Troubleshooting Dokku MCP Server with LangChain

Common issues when connecting Dokku to LangChain through the Vinkius, and how to resolve them.

01

MultiServerMCPClient not found

Install: pip install langchain-mcp-adapters

Dokku + LangChain FAQ

Common questions about integrating Dokku MCP Server with LangChain.

01

How does LangChain connect to MCP servers?

Use langchain-mcp-adapters to create an MCP client. LangChain discovers all tools and wraps them as native LangChain tools compatible with any agent type.
02

Which LangChain agent types work with MCP?

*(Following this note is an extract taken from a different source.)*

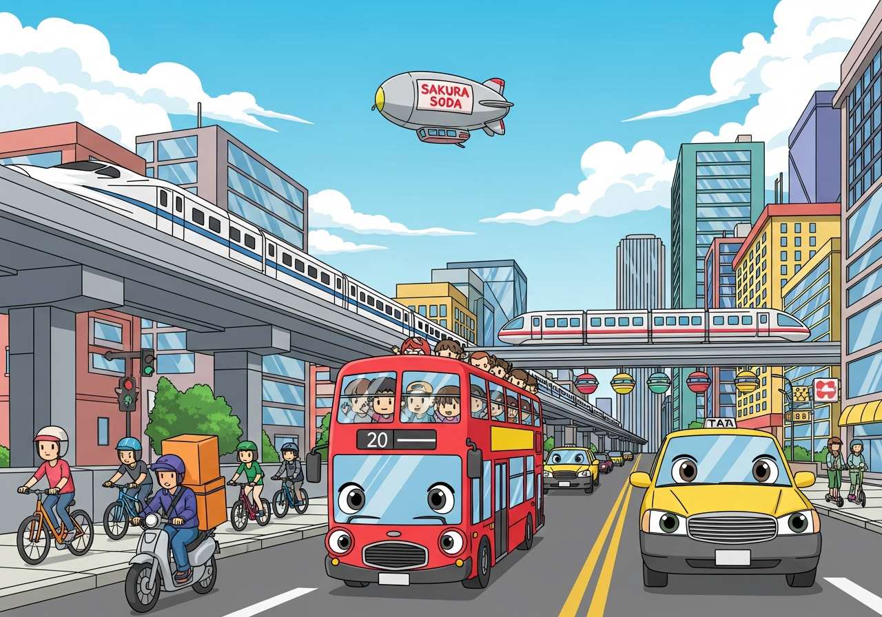 人や物をある場所から別の場所へ移動させるシステムや手段。交通機関、輸送。

All agent types including ReAct, OpenAI Functions, and custom agents work with MCP tools. The tools appear as standard LangChain tools after the adapter wraps them.
03

Can I trace MCP tool calls in LangSmith?

Yes. All MCP tool invocations appear as traced steps in LangSmith, showing input parameters, response payloads, latency, and token usage.

Connect Dokku to LangChain

Get your token, paste the configuration, and start using 10 tools in under 2 minutes. No API key management needed.